Sacramento, CA--A bill authored by Assemblymembers David Chiu (D-San Francisco) and Timothy S. Grayson (D-Concord) to encourage transit-oriented development (TOD) at certain Bay Area Rapid Transit (BART) stations today passed the Senate Floor. Assembly Bill 2923 will require BART to set new standards for transit-oriented development on BART-owned land within a half mile of a BART station. To reduce delays, the bill requires local governments to update their own zoning to meet BART’s affordability and zoning standards.
“Building housing near major transit hubs just makes sense,” said Assemblymember Chiu, who chairs the Assembly Housing and Community Development Committee. “Speeding up transit-oriented projects will help alleviate our housing crisis and make it easier for residents to afford to live and work in our very expensive Bay Area.”

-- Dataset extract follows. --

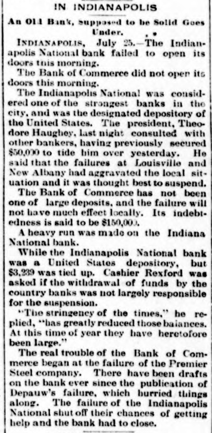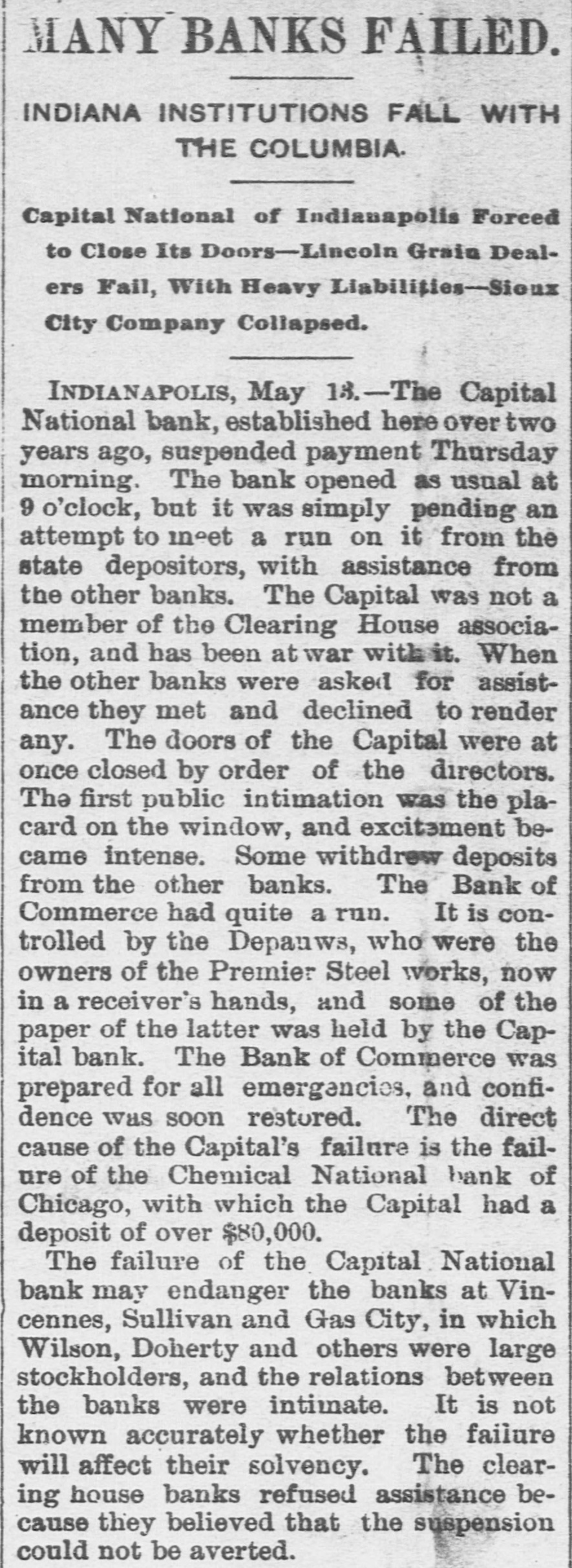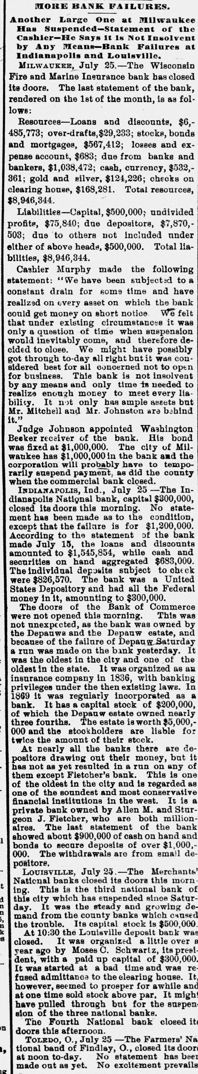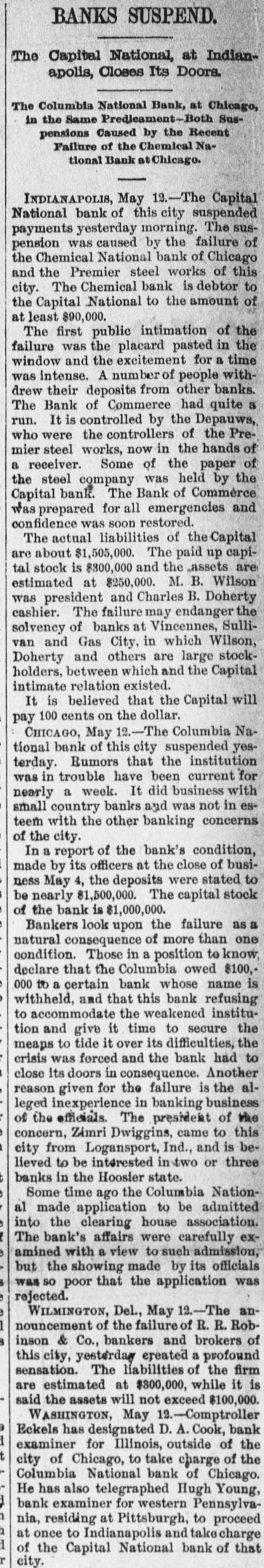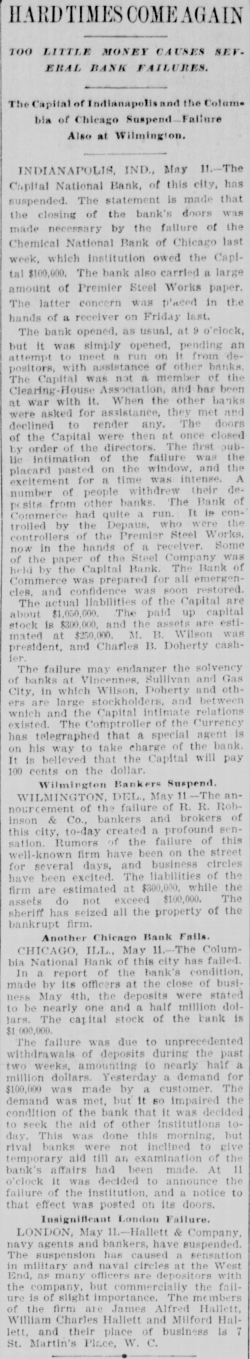 HARDTIMES COMEAGAIN TOO LITTLE MONEY CAUSES SEV. ERAL BANK FAILURES. The Capital of Indianapolis and the Colume bia of Chicago Suspend Failure Also at Wilmington. INDIANAPOLIS IND., May 11.-The Capital National Bank, of this city, has suspended. The statement is made that the closing of the bank's doors was made necessary by the failure of the Chemical National Bank of Chicago last week, which institution owed the Capital $100,000. The bank also carried a large amount of Premier Steel Works paper. The latter concern was Placed in the hands of a receiver on Friday last. The bank opened, as usual, at 9 o'clock, but it was simply opened, pending an attempt to meet a run on it from depositors, with assistance of other banks The Capital was not a member of the Clearing-House Association, and has been at war with it. When the other banks were asked for assistance, they met and declined to render any. The doors of the Capital were then at once closed by order of the directors. The first public intimation of the failure was the placard pasted on the window. and the excitement for a time was intense. A number of people withdrew their deposits from other banks. The Bank of Commerce had quite a run. It is controlled by the Depaus, who were the controllers of the Premier Steel Works, now in the hands of a receiver. Some of the paper of the Steel Company was held by the Capital Bank. The Bank of Commerce was prepared for all emergencles. and confidence was soon restored. The actual liabilities of the Capital are about $1,050,000. The paid up capital stock is $300,000. and the assets are estimated at $250,000. M. B. Wilson was president, and Charles B. Doherty cashier. The failure may endanger the solvency of banks at Vincennes, Sullivan and Gas City, in which Wilson, Doherty and others are large stockholders, and between which and the Capital intimate relations existed. The Comptroller of the Currency has telegraphed that a special agent is on his way to take charge of the bank. It is believed that the Capital will pay 100 cents on the dollar. Wilmington Bankers Suspend. WILMINGTON DEL. May 11-The annourcement of the failure of R. R. Robinson & Co., bankers and brokers of this city, to-day created a profound sensation. Rumors of the failure of this well-known firm have been on the street for several days, and business circles have been excited. The liabilities of the firm are estimated at $300,000. while the assets do not exceed $100,000. The sheriff has seized all the property of the bankrupt firm. Another Chicago Bank Fails. CHICAGO, ILL., May --The Columbia National Bank of this city has failed. In a report of the bank's condition, made by its officers at the close of business May 4th, the deposits were stated to be nearly one and a half million dollars. The capital stock of the bank is $1,000,000. The failure was due to unprecedented withdrawals of deposits during the past two weeks, amounting to nearly half a million dollars Yesterday a demand for $100,000 was made by a customer. The demand was met, but it so impaired the condition of the bank that it was decided to seek the aid of other institutions today. This was done this morning, but rival banks were not inclined to give temporary aid till an examination of the bank's affairs had been made. At 11 o'clock it was decided to announce the failure of the institution, and a notice to that effect was posted on its doors. Insignificant London Failure. LONDON, May 11.-Hallett & Company, navy agents and bankers, have suspended. The suspension has caused a sensation in military and naval circles at the West End, as many officers are depositors with the company, but commercially the failure is of slight importance. The members of the firm are James Alfred Hallett, William Charles Hallett and Milford Hallett, and their place of business Is 7 St. Martin's Place, W. C.

“We have acres and acres of underutilized real estate within walking distance of BART that is ripe for affordable, transit-oriented development,” said Assemblymember Grayson. “AB 2923 is a common sense measure to speed up construction in communities throughout the Bay Area, and I am confident that this measure will increase housing supply, reduce traffic congestion, and cut greenhouse gas emissions.”
Building mixed-use, walkable neighborhoods adjacent to frequent and efficient public transportation will allow the Bay Area to grow while reducing regional congestion. Transit-oriented development results in improved job access, reduced auto dependence, more affordable living, and stronger public transit ridership and fare revenue.
The BART Board of Directors recently passed a progressive and ambitious TOD policy committing itself to fully building out BART-owned land around its stations by 2040, which would produce over 20,000 new units of housing.
However, TOD projects often face lengthy delays, in some cases of more than a decade, due to jurisdictions demanding less housing and more parking for transit-adjacent developments. This increases project costs while reducing project benefits and affordability. As a result, BART has not proposed transit-oriented development on many of the sites that could produce much-needed housing.
AB 2923 will require BART to adopt TOD zoning standards for BART-owned land and in turn will require local jurisdictions to update local zoning within two years to reflect those standards. Thirty percent of the total housing units generated under AB 2923 must be affordable to low- and very low-income residents. Projects will be eligible for by-right approval if they meet affordability standards and satisfy certain updated zoning requirements set by the bill. Recent amendments ensure that housing built on BART property will take into account the surrounding community by only streamlining those projects that are no more than one story above locally approved heights within a half mile of the property.
The Non-Profit Housing Association of Northern California and the State Building & Construction Trades Council of California are co-sponsoring AB 2923. The measure will now go back to the Assembly for a concurrence vote.